:: About this task ::
What are the lines from the top of the entries through the one with "オンラインエディットでは、1"? Write them out exactly, with no pictures.

:: Material for the task ::
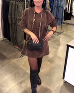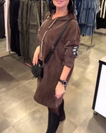 SPECIFICATIONS Style: Casual Material: Cotton Blends Dress Type: A-Line Dress Length: Above-knee Pattern Type: Solid Color Sleeve Type: Regular sleeve Sleeve Length: Long Sleeve Fit Type: Regular Season: Fall,Winter Occasion: Daily Package Includes: 1 x Dress SIZE TABLE Size Bust Length CM INCH CM INCH S 97 38.19 95 37.40 M 101 39.7...
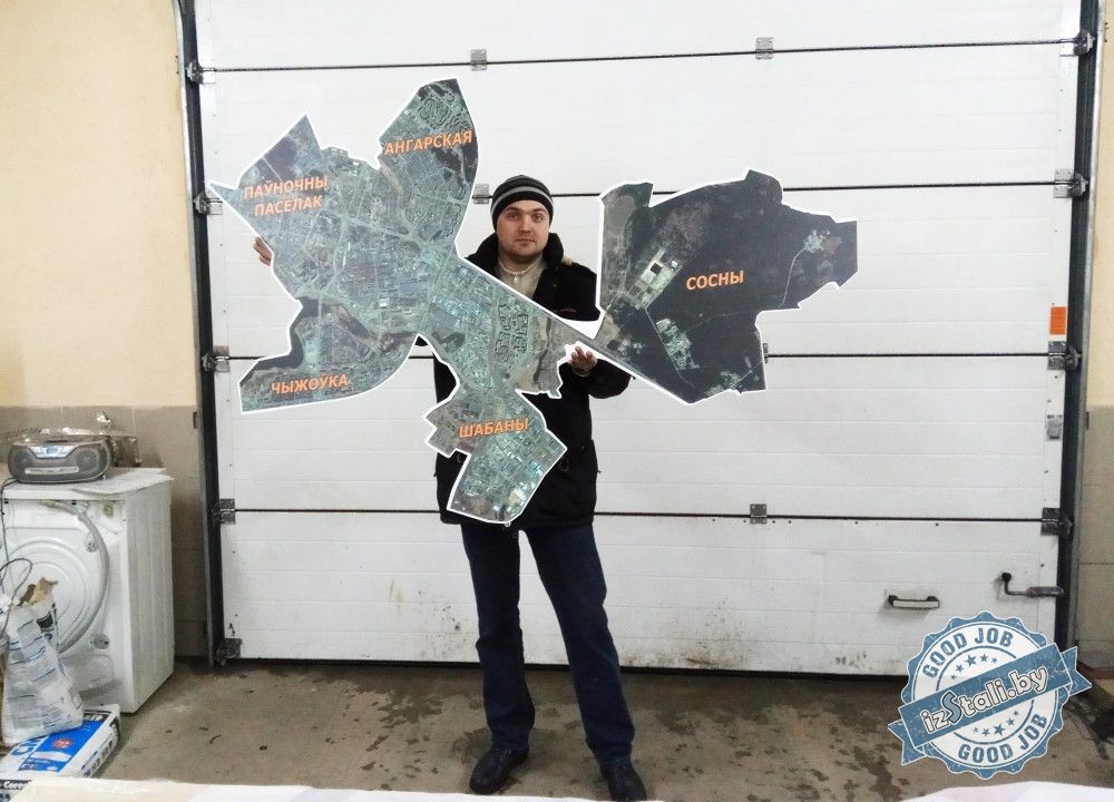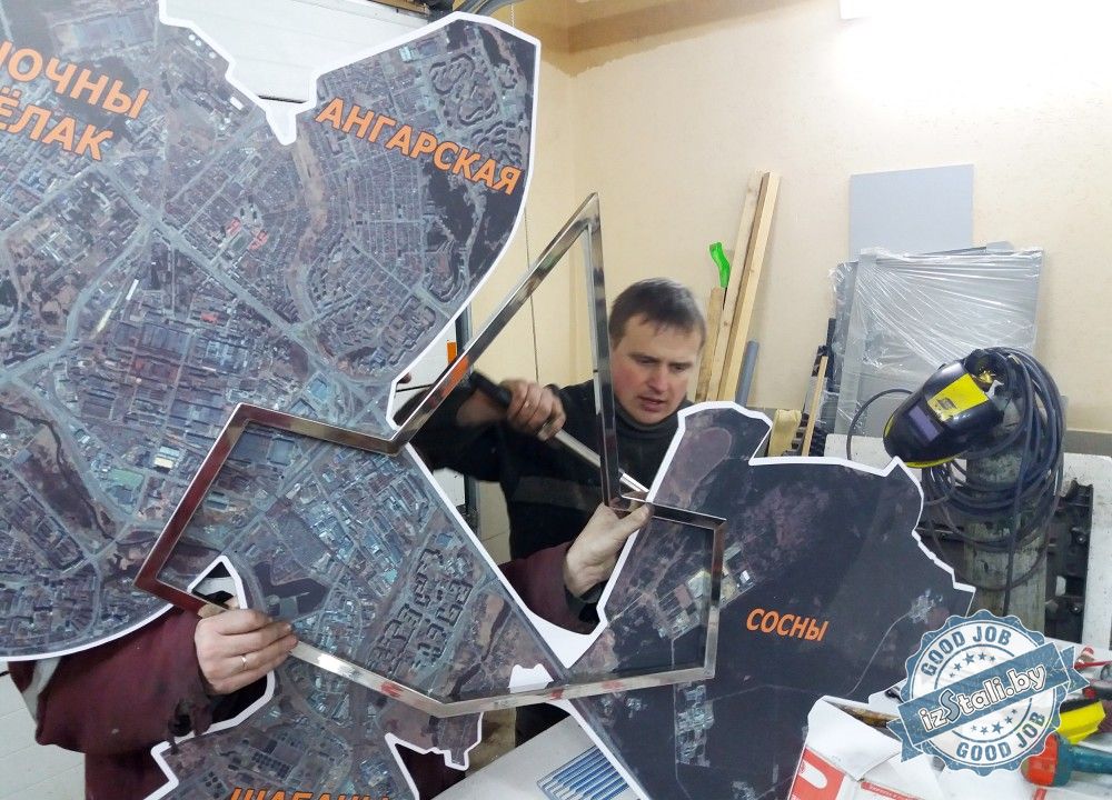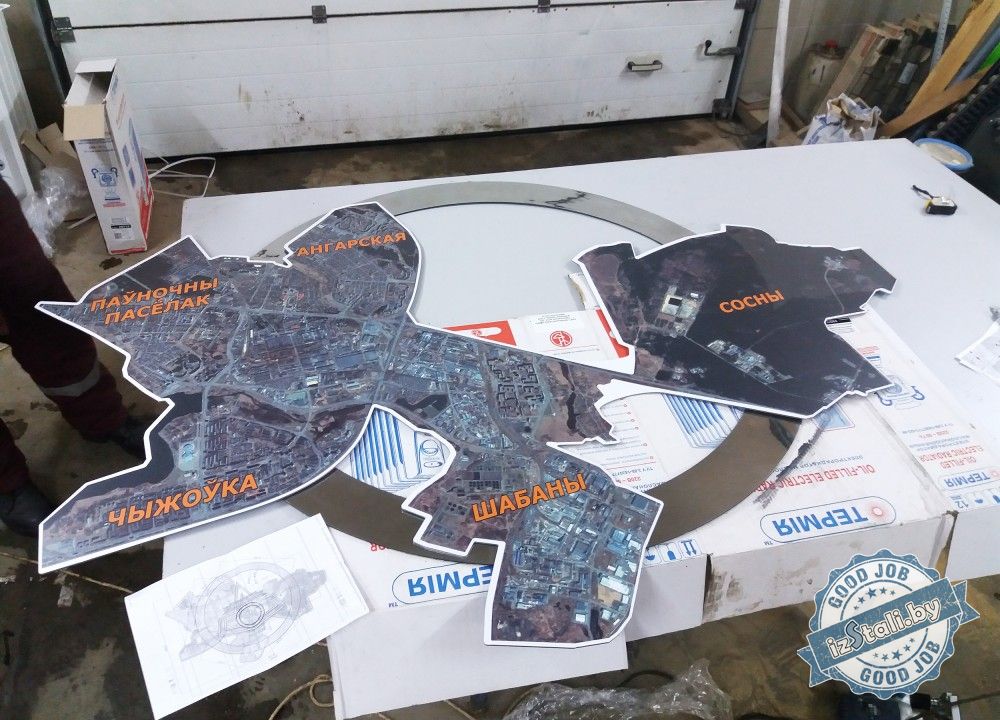 Карта района нанесена на жесткую композитную панель и закреплена на диск из нержавеющей стали.
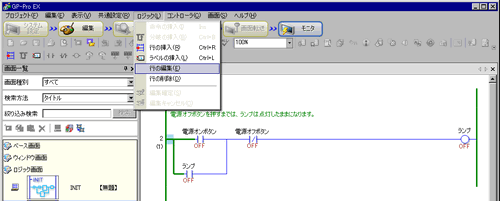 オンラインエディットでは、1行単位で編集を行います。[ロジック]メニューの[行の編集]をクリックすることで指定行が編集可能になります。[編集確定]をクリックすると、編集したロジックプログラムが表示器へ転送されます。
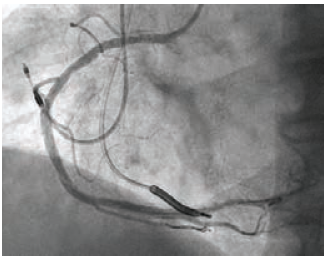 A 6 Fr, 10 cm GLIDESHEATH SLENDER® Introducer Sheath (Terumo) was used to gain access in the right radial and left distal radial arteries. Two hundred (200) mcg of intra-arterial nitroglycerin and 200 mcg of intra-arterial nicardipine were given for each access. Each access point was exchanged for a 6 Fr, 85 cm R2P DESTINATION SLENDER Guiding Sheath (Terumo) over a 180 cm, .035-inch J-tipped guidewire. A 6 Fr Amplatz Left (AL) 0.75 VISTA BRITE Guiding Catheter (Cordis) was used to engage the right coronary artery and a 6 French XB 3.5 ADROIT™ Guiding Catheter (Cordis) was used to engage the left coronary artery. A Twin-Pass® Dual Access microcatheter (Teleflex) was advanced over the RUNTHROUGH® NS Coronary Guidewires (Terumo) into the proximal right coronary artery. A Fielder® XT-A (Asahi Intecc) was then used in an attempt to engage the proximal cap, but was without success. It was exchanged for a MIRACLEBROS® 6 (Asahi Intecc), which penetrated the proximal cap, but was unsuccessful at crossing the distal cap. The Twin-Pass Dual Access microcatheter was exchanged for a Turnpike® LP microcatheter (Teleflex) but was also without success. The Turnpike was then exchanged for a Fielder XT-A, then a HI-TORQUE PILOT™ 200 guidewire (Abbott Vascular), and finally, a CONFIANZA® Pro 12 guidewire (Asahi Intecc), all of which were unable to cross the distal cap true-to-true lumen. Instead, a HI-TORQUE PILOT 200 guidewire was knuckled, and used to perform subintimal tracking and re-entry technique into the mid right coronary artery. The HI-TORQUE PILOT 200 guidewire was first exchanged for a RUNTHROUGH NS Extra Floppy guidewire to wire the RV marginal branch and then exchanged for a GRAND SLAM® guidewire (Asahi Intecc). A 2.5 mm x 20 mm EMERGE PTCA Dilation Catheter (Boston Scientific) was used to pre dilate the lesion, followed by a 3.0 mm x 20 mm NC EMERGE PTCA Dilation Catheter (Boston Scientific). Angiography showed antegrade flow into the RV marginal, but not into the posterior descending artery or the posterolateral branches. Two SYNERGY EES PtCr coronary stents (Boston Scientific), a 3.5 mm x 38 mm and a 3.5 mm x 12 mm, were deployed proximally. A RUNTHROUGH NS Extra Floppy coronary guidewire with a Turnpike LP was then used to wire the posterior descending artery/posterolateral branches and the RUNTHROUGH NS Extra Floppy coronary guidewire was exchanged for a GRAND SLAM guidewire. The Turnpike LP was removed using a DOC Guide Wire Extension (Abbott Vascular). A 2.75 mm x 38 mm SYNERGY EES PtCr coronary stent was deployed from the posterolateral into the distal right coronary artery, followed by a 3.5 mm x 38 mm SYNERGY EES PtCr coronary stent. All stents were deployed at nominal pressure. The first GRAND SLAM coronary guidewire was removed. A 3.5 mm x 20 mm SYNERGY EES PtCr coronary stent was then deployed, overlapping the first and second 3.5 mm x 38 mm stents. These stents were then post dilated with a 4.0 mm x 20 mm NC EMERGE PTCA Dilation Catheter. A 3.5 mm x 12 mm SYNERGY EES PtCr coronary stent was deployed at the ostium of the right coronary artery and post dilated with a 4.0 mm x 20 mm NC EMERGE PTCA Dilation Catheter. Final angiography showed TIMI-III flow, no residual stenosis, and no perforation or dissection.
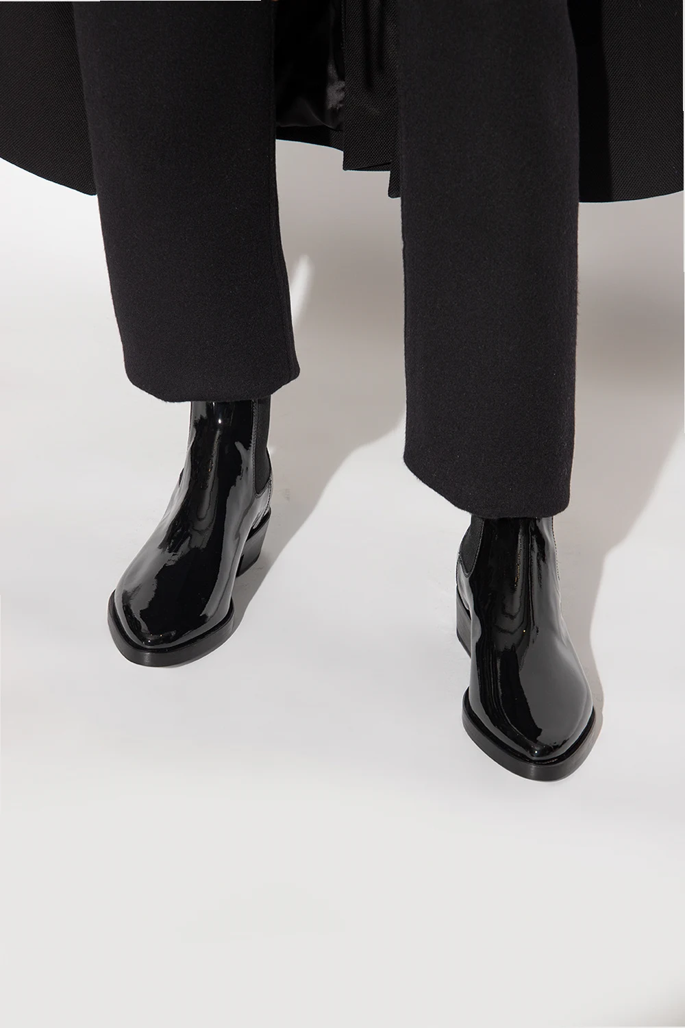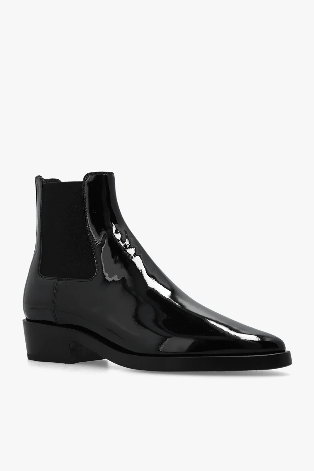 Czarne, wsuwane kowbojki, model ‘Eternal’ Fear Of God. Wykonane z lakierowanej skóry. Po bokach taśma elastyczna. Czarna, drewniana podeszwa.

:: Exercise result ::
 SPECIFICATIONS Style: Casual Material: Cotton Blends Dress Type: A-Line Dress Length: Above-knee Pattern Type: Solid Color Sleeve Type: Regular sleeve Sleeve Length: Long Sleeve Fit Type: Regular Season: Fall,Winter Occasion: Daily Package Includes: 1 x Dress SIZE TABLE Size Bust Length CM INCH CM INCH S 97 38.19 95 37.40 M 101 39.7...
 Карта района нанесена на жесткую композитную панель и закреплена на диск из нержавеющей стали.
 オンラインエディットでは、1行単位で編集を行います。[ロジック]メニューの[行の編集]をクリックすることで指定行が編集可能になります。[編集確定]をクリックすると、編集したロジックプログラムが表示器へ転送されます。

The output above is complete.